今年は黒澤明監督没後10年なんだそうで、NHKの衛星放送では彼の全30作品を1年ぐらいかけて放送しているけれども、少し前に追悼番組の一環として、映画解説でおなじみの淀川長治さんが黒澤明作品について語った、生前のインタビュー映像が放送されていて、その中で淀川さんが、黒澤さんの映画には世界の人々にも通じる″映画の言語”というものがあった、みたいなことをおっしゃられていた。
淀川さん黒澤明を語る(Youtube)

グランプリ・シリーズ開幕戦、スケート・アメリカで圧勝したユナ・キム選手の演技を見ていて、この淀川さんの言葉が思い出されました。
もし、゛フィギュアの言語”というものがあると想定するなら、キム選手は今、そのもっとも堪能な使い手の一人に違いないと…

キム選手が持っているのはフィギュアの豊潤な万国共通語。それは一瞬にして世界の扉をもパッーと開くことの出来る魔法のキー。
いろいろな選手がいて、いろ~んな言葉を発している、その多彩さがまたフィギュアスケートを見ることの魅力のひとつだと思うけど、
耳をすませば、氷上から選手たちが発する、一つとして同じではないさまざまな味わいある言葉が聴こえてくるような気がします。

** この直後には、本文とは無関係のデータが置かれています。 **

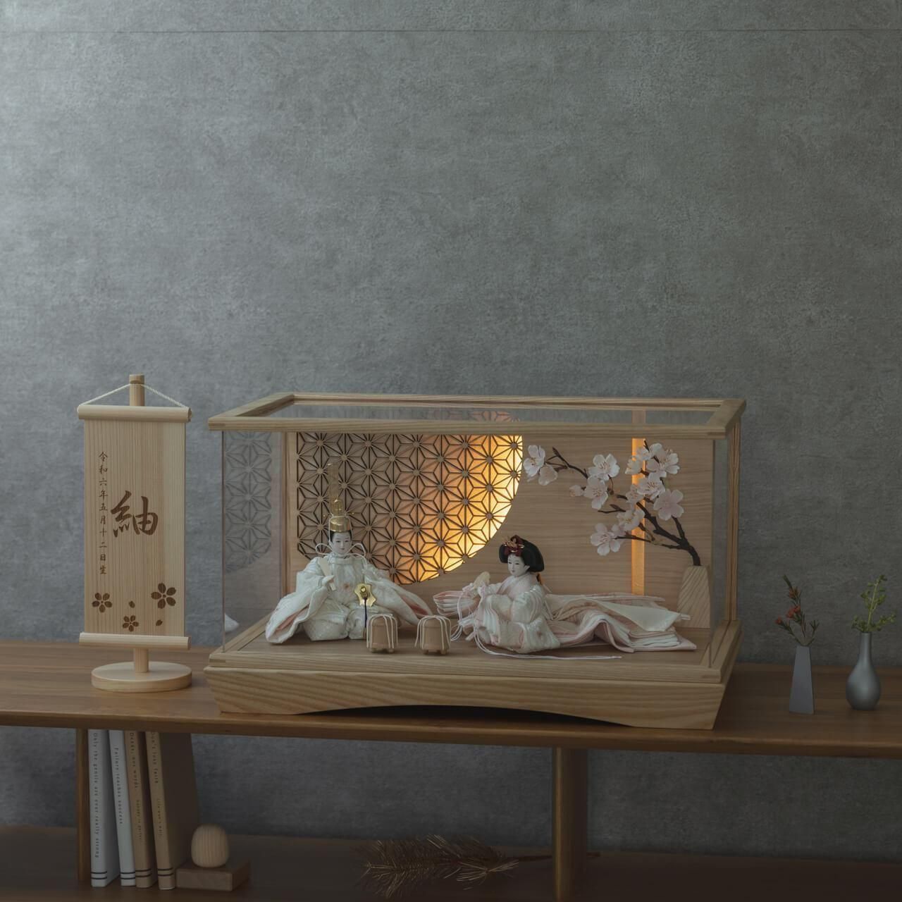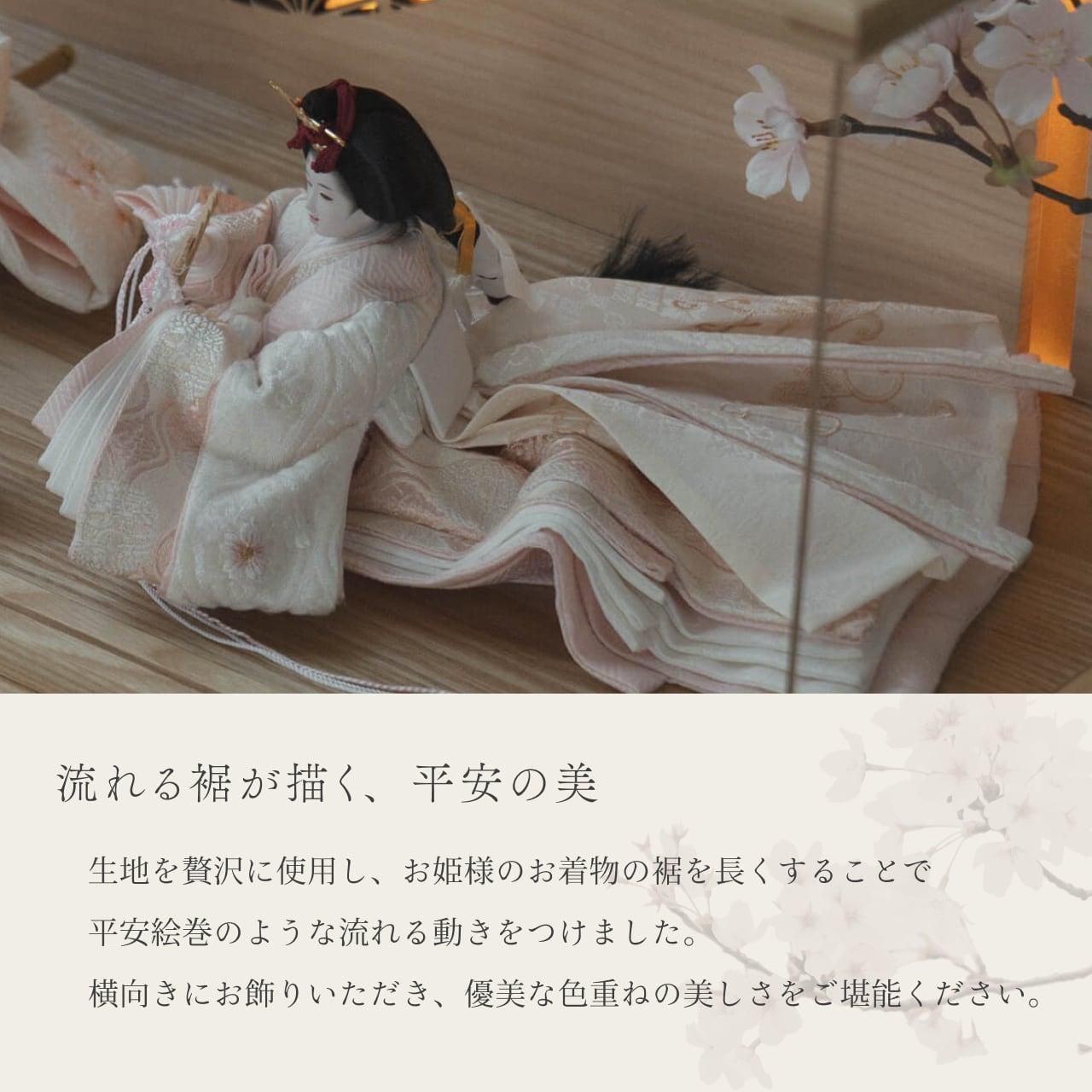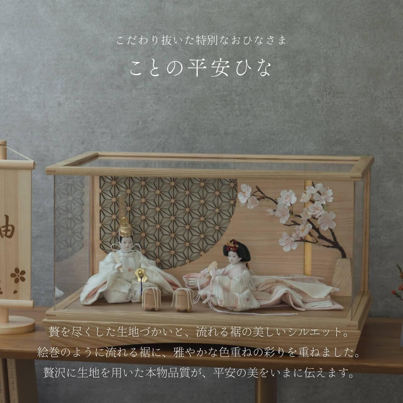平安という言葉は平安京に由来しており、「穏やか」「安泰」といった願いが込められております。ことの平安ひなとは、お子様の成長や未来が穏やかで無事であるよう祈りを込めたお雛様です。そんな雛人形をてづくり工房「木都」の職人が、伝統工芸の技術と天然木の素材を活かし、真心込めて1つ1つ丁寧につくりました。コンパクトでちょうどいいサイズコンパクトでちょうどいいサイズ今どきのおうちに合わせたコンパクトなサイズに仕上げました。飾るスペースが狭くなりがちなマンションや子ども部屋にもぴったり。お部屋のイメージに調和するデザインお部屋のイメージに調和するデザイン天然木の素材を活かしたシンプルなデザインだから、お部屋の雰囲気にもピッタリ。お衣装へのこだわり 〜雲立涌文様に小花刺繍〜お衣装へのこだわり 〜雲立涌文様に小花刺繍〜柄は雲立涌といい、雲や蒸気が立ち昇る様で子供の運気上昇を願う、縁起が良い格式ある有職文様です。唐衣 (姫袖) から重ねに掛けてグラデーションの配色にし、さりげなくデザインされた小花が落ち着いた印象を与える、上品なデザインに仕上げました。手作りへのこだわり 〜裂地(きれじ)の裁断手作りへのこだわり 〜裂地(きれじ)の裁断和紙で衣裳の各種型紙を作り、へり部分にのみ糊をつけ、裂地裏面に貼り付けます。型紙に沿って裁断して衣裳部品を作っていきます。手作りへのこだわり 〜縫製手作りへのこだわり 〜縫製姫の十二単の唐衣(からぎぬ)・五衣(いつつぎぬ)・単衣(ひとえ)・裾、殿の着物・裾・中袖等、数多くの衣裳部品をミシン、または手縫いで細やかな部分まで縫い合わせ、折り込み仕上げていきます。手作りへのこだわり 〜着付け・振付け手作りへのこだわり 〜着付け・振付け仕上がった衣裳は両腕を後方に曲げて羽織らせるようにして着付けます。次にそれぞれの人形の形に振付けます。腕を曲げる角度や手の位置などで全体のバランスを取ります。手作りへのこだわり 〜頭差し手作りへのこだわり 〜頭差し頭さしは最終の人形検品を兼ねて行われます。包まれた顔紙を外し、汚れ等無いことを確認します。頭と衣紋の中心線が一直線になるように差し込みます。ことのお雛様ことのお雛様お雛様の顔は時代とともに人気のお顔があります。ことのお雛様のお顔は時代に左右されない普遍的なシンプルで可愛らしいお顔となっています。健やかな成長への願いを込めた 麻の葉文様健やかな成長への願いを込めた 麻の葉文様古来からの日本伝統の吉祥文様である麻の葉文様。麻の丈夫さ・成長の早さにあやかり、お子さまの健やかな成長への願いが込められています。ケース飾りでも手に取って本物の質感を感じてほしいケース飾りでも手に取って本物の質感を感じてほしい木都のケース飾りは、本物の素材や質感を感じながら親子で一緒に手に取って飾る体験をしてほしいから、あえて飾る手間を残しています。手間はかかりますが、伝統的な技法で一つひとつ手づくりしています。お子さまの感性を育む天然木へのこだわりお子さまの感性を育む天然木へのこだわり素材には、タモ、ブナといった天然木を使用。お子さまへの一生に一度の贈り物だから、木都は自然素材の天然木にこだわり続けています。※ 生産時期により使用する素材が一部変更になる場合がございます。熟練の職人による確かな手仕事熟練の職人による確かな手仕事伝統工芸の技術を受け継ぐ日本国内の熟練の職人が、一つひとつ丁寧に手づくりしています。おしゃれなギフト包装でお届けしますおしゃれなギフト包装でお届けします和の雰囲気を感じさせる越前和紙のギフト用ラッピングでお届け。料金がわかるものもお入れしていないので、そのまま贈り物として利用できます。商品レビュー記入でもれなくもらえる天然木のミニ名前札プレゼント商品レビュー記入でもれなくもらえる天然木のミニ名前札プレゼントミニサイズのお名前札 (通常販売価格1,980円) をプレゼント♪商品到着後、商品レビューをご記入の上、商品と同梱のチラシ記載のQRコードから応募フォームへ必要事項をご入力ください。店舗よりレビュー特典を発送いたします。※ お名前札の生年月日の表記は和暦となります。(例:令和七年)商品のご注文へ収納方法とセット内容お内裏様・お雛様・ケース・下台・人形小道具・貝桶×2・桜飾り・電源ケーブル素材:タモサイズ:W485mm × D290mm × H285mm梱包時:W550mm × D355mm × H480mm殿:約 W155mm × D160mm × H165mm姫:約 W140mm × D440mm × H110mm注意事項色合いなど実際のものと写真とでは多少の誤差が生じる場合がございます。また、手作りであり天然木を使用している為、多少の仕様の変化や風合いがひとつひとつ異なります。あらかじめご了承ください。部品には小さなものがございます。お子様がお口に入れないようにご注意ください。材質により木の刻印の濃淡に差が生じますが不良品ではございません。木製品である限り自然なこととご承知
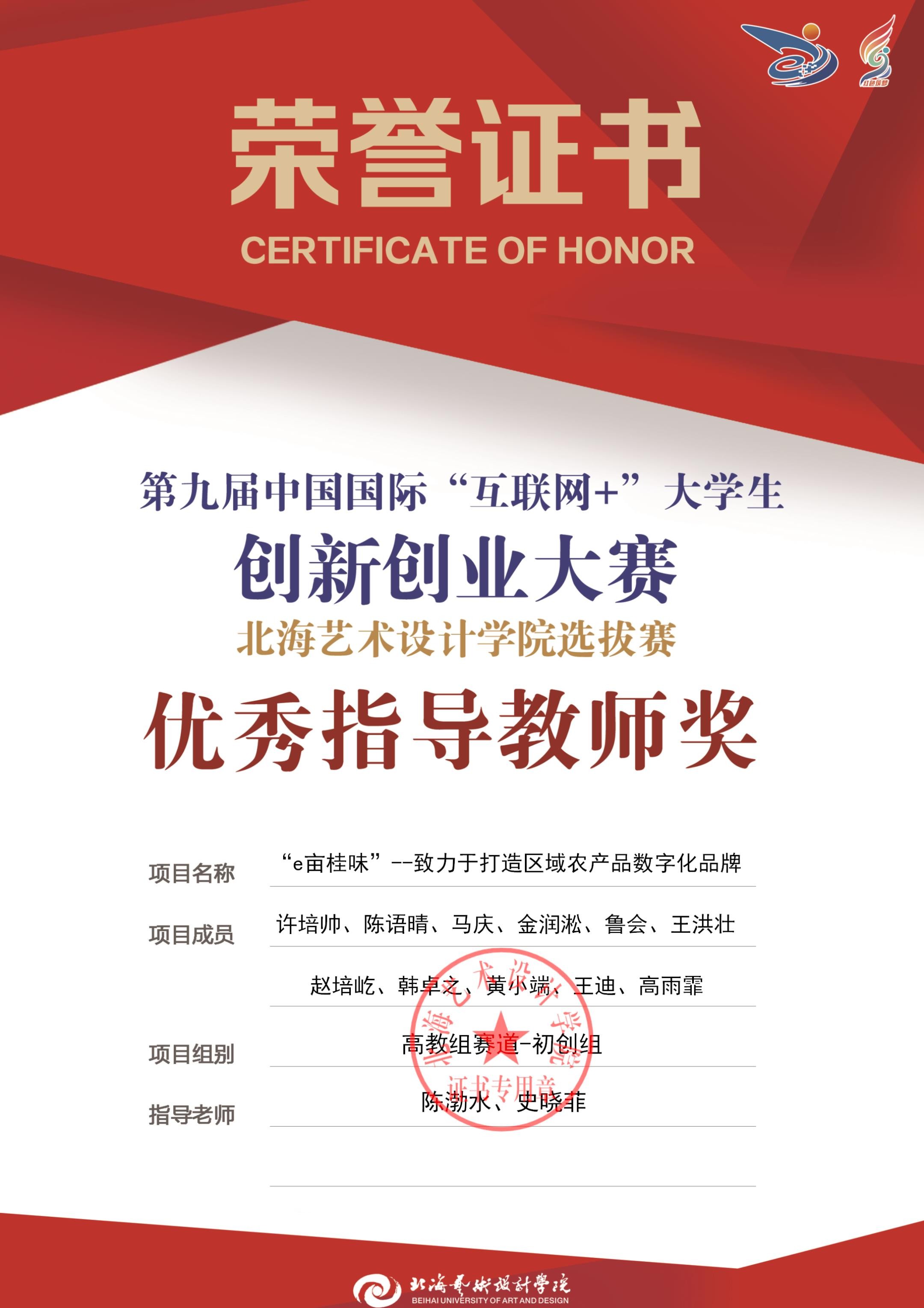 第九届中国国际互联网+大赛校级优秀指导教师
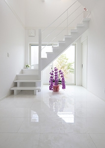 ▲玄関に足を踏み入れると、真っ白で広々とした開放感溢れる空間が広がる。
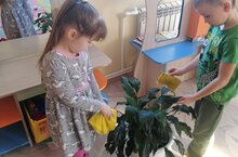 Ребята подготовительной группы вместе с педагогами разработали алгоритм по уходу за комнатными растениями. Каждый день назначаются дежурные, которые с удовольствием трудятся в центре ознакомления с окружающим миром, где круглый год растут красивые комнатные растения. Они по уголку регулярно поливают, рыхлят почву, протирают и опрыскивают листочки. А растения в ответ круглый год радуют ребят пышной зеленой листвой и цветением.
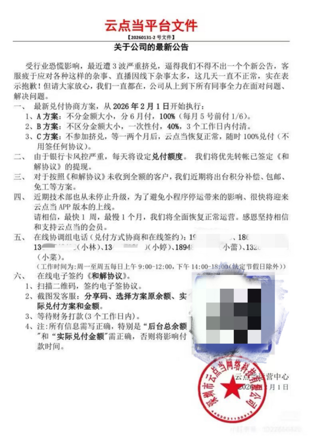 凤凰网《风暴眼》拿到一份盖了云点当运营中心公章、日期是2026年2月1日的官方公告,其中直言,本轮危机的直接导火索,是行业整体恐慌情绪外溢引发的集中提现浪潮。
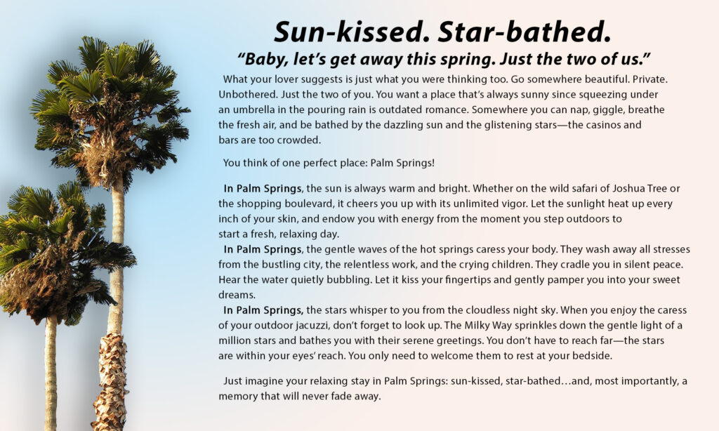 Work: Palm Springs The bright sun, the glistening stars…Palm Springs is the ultimate getaway place for you to enjoy this spring.
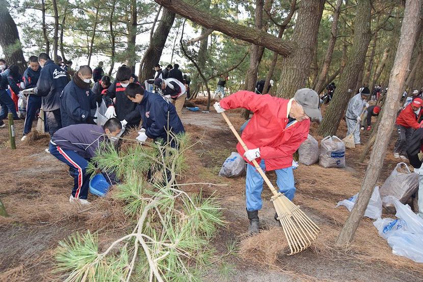 光市の虹ケ浜海岸で21日朝、松林を保全するため浅江中の1、1年生250人と住民など70人がボランティア活動で松の落ち葉が堆積し過ぎないよう、余分な松葉を集めた...
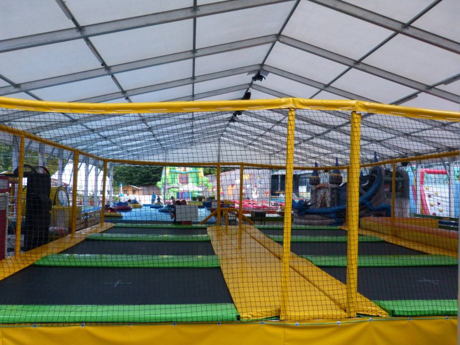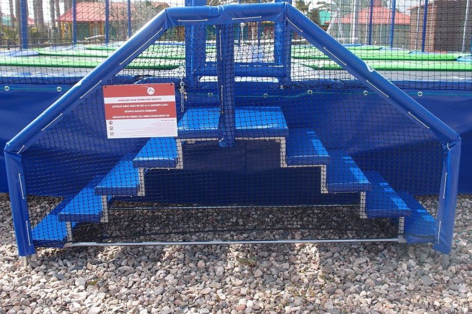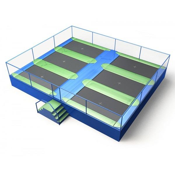 Mogu biti izrađeni u različitim kombinacijama oblika i broja skakačih polja, za prihvat različitog broja skakača. Čvrsta potporna konstrukcija daje stabilnost na različitim vrstama površina (podloga). Zaštitu skakačima pružaju heavy duty zaštitne strunjače i zaštitna mreža – ograda.
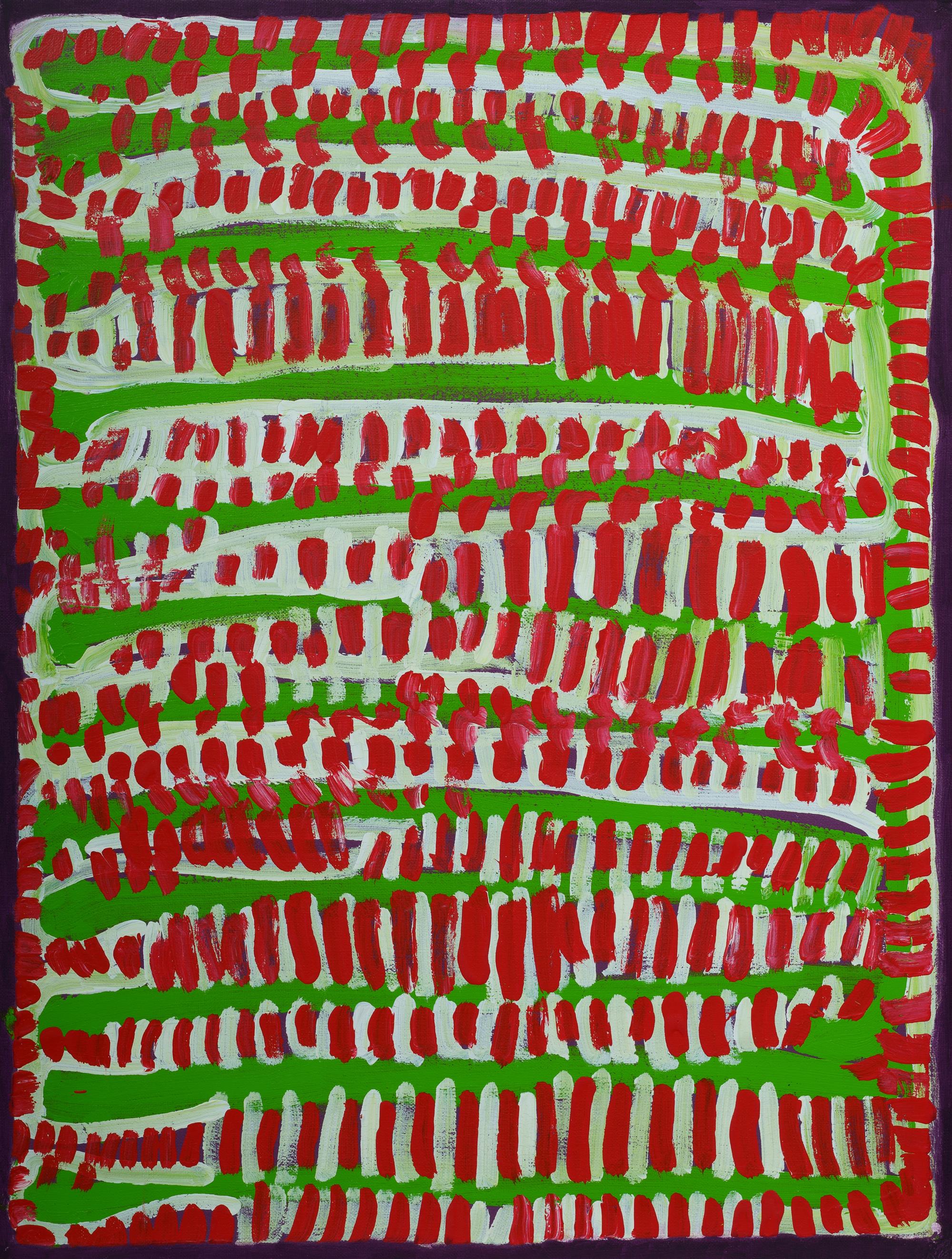 NAPARRULA, Lorna Fencer (Aboriginal 1923-2006) 'Water Dreaming, Lajamanu, NT' Cat #LF054, and Cooee #7028. Acrylic on Canvas 81.5x62cmEstimate $500-800
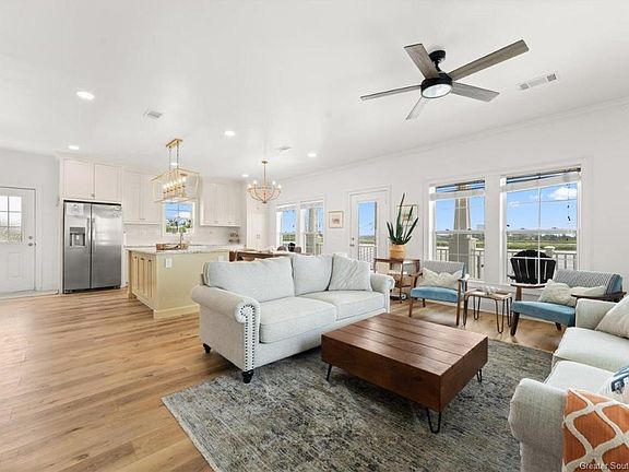 Welcome to 4 River Road! As you walk in, you're immediately greeted by an open concept layout that emphasizes space and light. The living area flows effortlessly into the dining and kitchen spaces, with windows offering views of the water, allowing natural light to flood the entire space and creating a feeling of continuous connection with the outdoors. The kitchen features a large island with seating, stainless steel appliances, and ample cabinetry that blends seamlessly with the living area. Outside, you will find a beautiful covered porch offering multiple areas for relaxation and entertainment. A private dock allows for easy access to boating, kayaking, or simply enjoying the serene waters. All measurements are more or less.
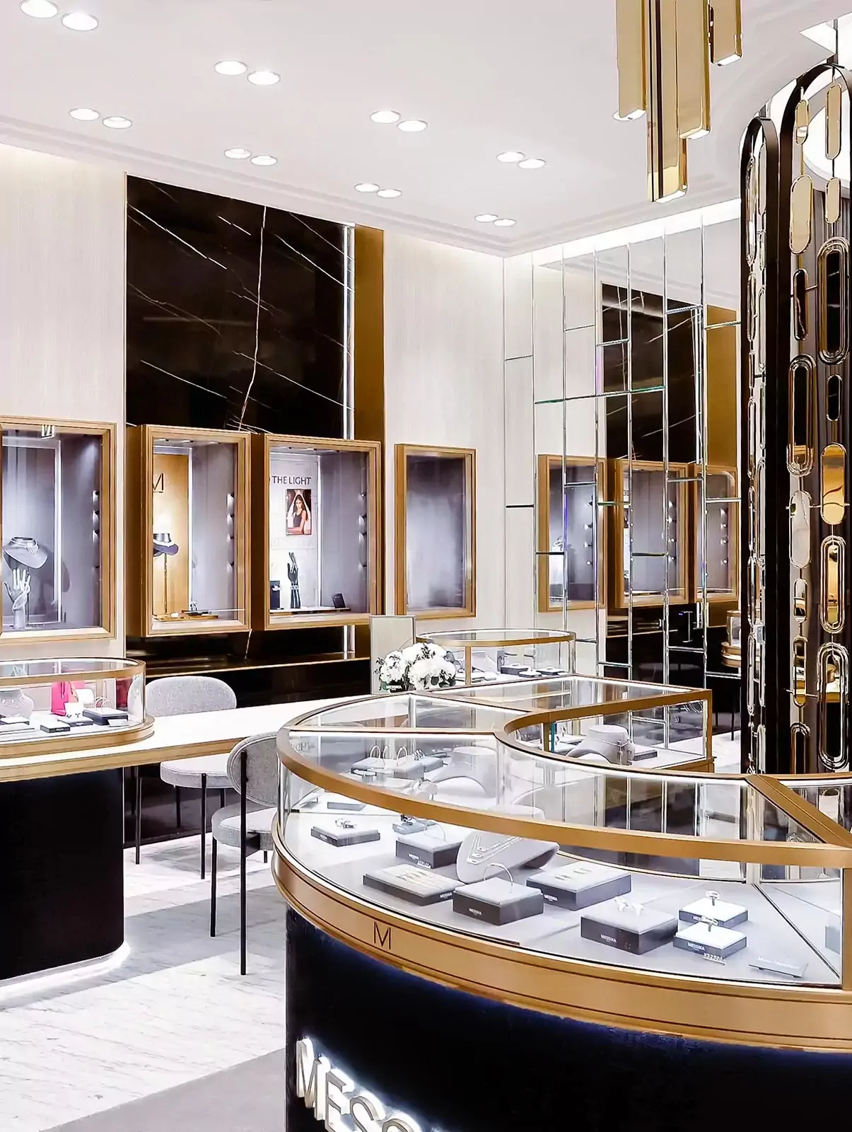 55m²の新しい店内は、ヴァレリー・メシカによってデザインされました。《ムーヴ》ジュエリーコレクションのクラシックな要素が取り入れられ、メシカのDNAを完璧に表現しています。シンメトリーなデザイン、透明な窓、あらゆる精巧なディテールが、ダイヤモンドジュエリーのまばゆいばかりの光を極限まで際立たせています。

グランプリ・シリーズ第2戦、スケート・カナダ2位という立派な成績で再び表彰台に昇った村主章枝選手が氷上で発する言語というものも、長年楽しませていただいているせいか、とても親しみあるものに感じられます。
丁寧にじっくり造られた職人技、手造り感覚のぬくもりある感触、漂うポエジー。その彼女オリジナルの言語を駆使してさまざまな変奏曲を奏でている、新しいものにもチャレンジするひたむきな姿勢というのがまた素晴らしいなぁと…。
スケート・カナダでのパントマイム、大道芸人の動きを取り入れての愉快なエキシビション、外国人観客を前にしてのアッパレ!ななりきり演技、コメディエンヌぶりにはホロリとさせられました。村主選手の演技を見ていると時々、彼女のスケートに賭ける情熱というものが、突然目に見えない大きな炎となって伝わってきてジーンと感動させられる。演技で人に何かを伝えることが出来る、そういう意味で、彼女は芸術家の域に達しているんだなぁと思います。今シーズンこれからの演技も楽しみです。


ロシア杯での演技から
Fumie Suguri 2008 Cup of Russia Ex.(Youtube)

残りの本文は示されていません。